You will be considered AWOL (Absent Without Leave). If you have not reported or been apprehended within 27 days, you will be considered a Deserter, a serious offense in peace time, even more serious in war time. An imprisonable offense either way.
If you are considering going AWOL, consider this:
- If you report, you will go to boot camp, serve six years and come home. You will have some good times, some not so good times, and you might meet that special someone you would have otherwise never had the opportunity to meet.

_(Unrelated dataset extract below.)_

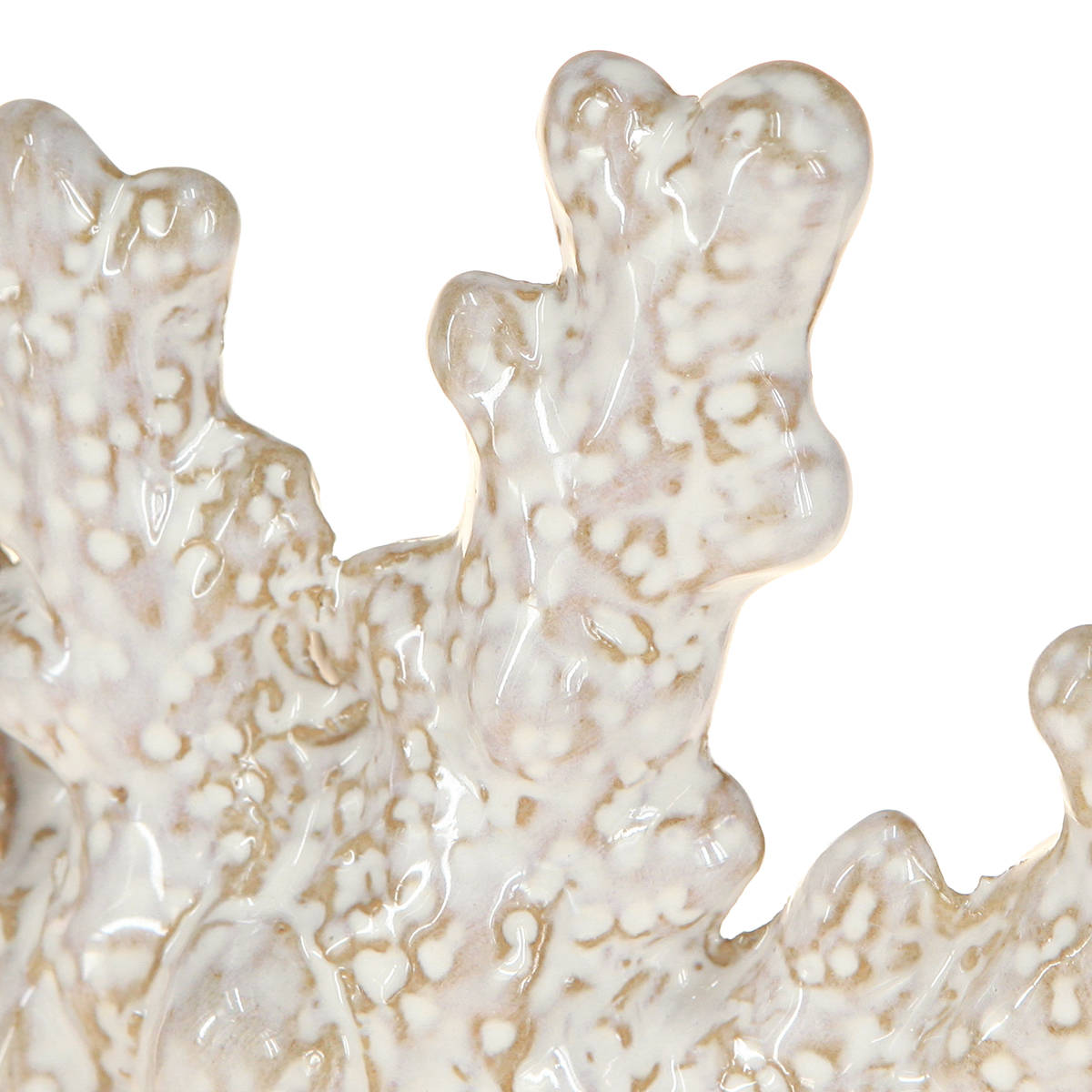Unsere Korallen-Deko besteht aus hochwertiger Keramik, die sorgsam glasiert wurde, um eine langanhaltende Ästhetik zu gewährleisten. Die Farbkombination aus Weiß und Beige unterstreicht den eleganten maritimen Look und lässt sich mühelos in verschiedene Raumdekorationen integrieren. Die Keramik ist bearbeitet mit einer aufwendigen Glasurtechnik, die nicht nur die optische Qualität erhöht, sondern auch die Langlebigkeit sichert. Durch die stabile Fertigung und die raffinierte Formgebung ist diese Koralle ein Dekorationsstück, das Sie durch viele Sommersaisons begleiten wird.

- If you go AWOL, you will live a life of hiding. You will spend the next 27 years trying to Dodge first AWOL Apprehension, then the FBI and US Marshall service. Likely as not, the feds will never get your case; AWOL Apprehension is that good. You will then be tossed in the brig, and you will want to consider protective custody because deserters are considered the lowest of the low. Once you receive your Court Marshall, you will be transferred to Leavenworth, where you will do what you are told when you are told how you are told. You will not receive enough food, you will be worked at hard labor (literally making little rocks out of big ones). You will not see your family often enough. You will live in a six foot by nine foot cell with at least one other person. While you are reading or trying to write a letter, or even trying to eat, your cell mate will be emptying his bowels two feet away.

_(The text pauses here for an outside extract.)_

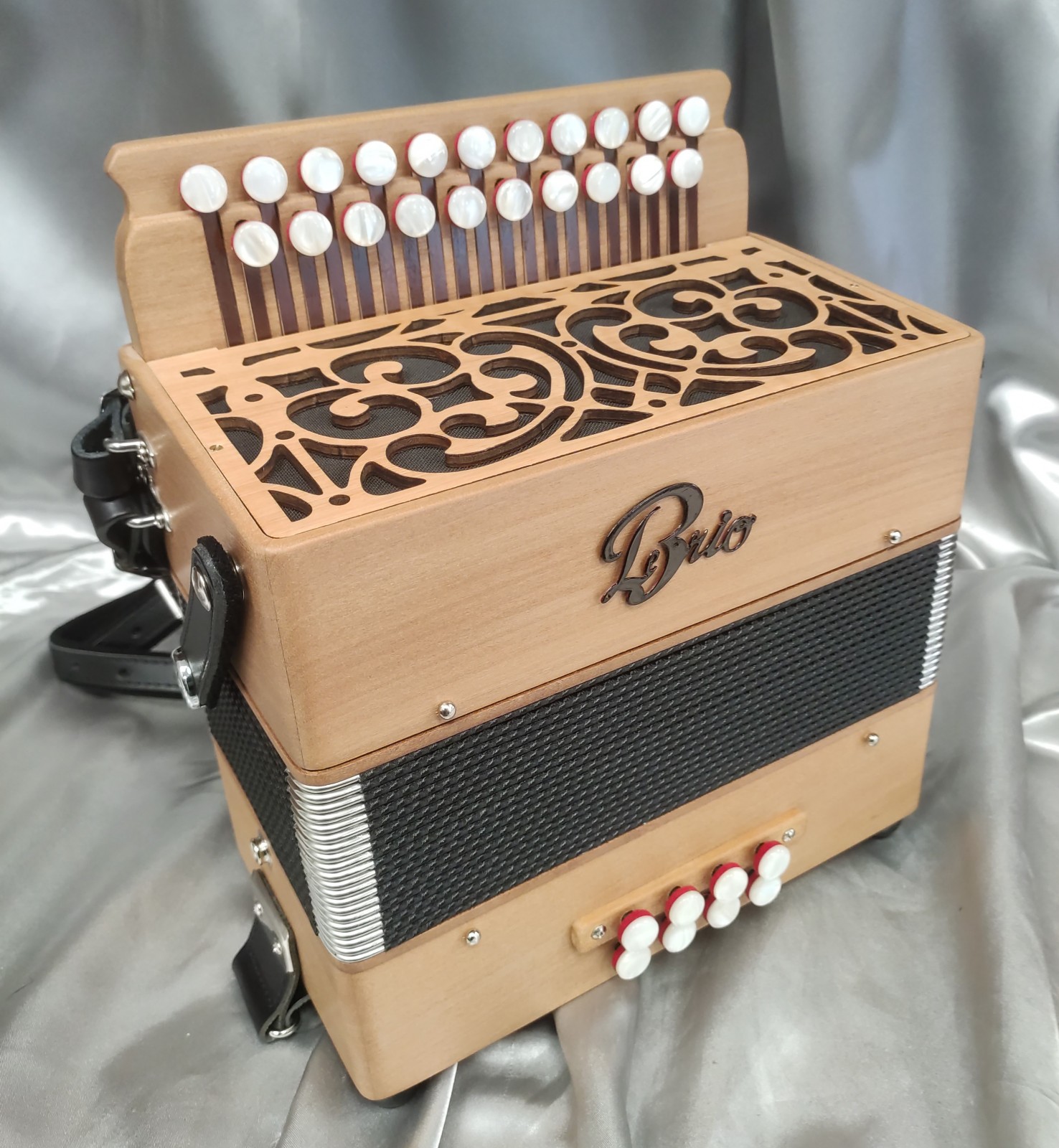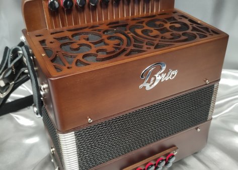 Venez vite découvrir et essayer le "Diato Trad", 2 rangs et 2 voix au chant, pour 21 touches et 8 basses". Modèle en bois massif avec clavier traditionnel au chant. 2 voix medium avec une musique SD (TAM en option).

This is not made up. This is intended to show you a true picture, to expose you to the facts, and let you decide.
If you go AWOL, you will be discharged, but not before you are brought up on charges and convicted. You will serve your time too before you ever get released. That time will be five times greater than the time you might serve for a standard enlistment.
True, you could lose your life in the service of your country. You may not even agree with the political reasons that got us into the wars, but we're there, and you volunteered--there is no draft, there is no compulsory service in the US. You may be scared, everyone gets scared. What you do with that fear is another matter.
I'll leave you with this. The fear you face on a battle field is pale in comparison to the fear you face behind the wire. On the battlefield you have a choice or many choices. Inside the choices are made for you. Take it from someone who has been in both.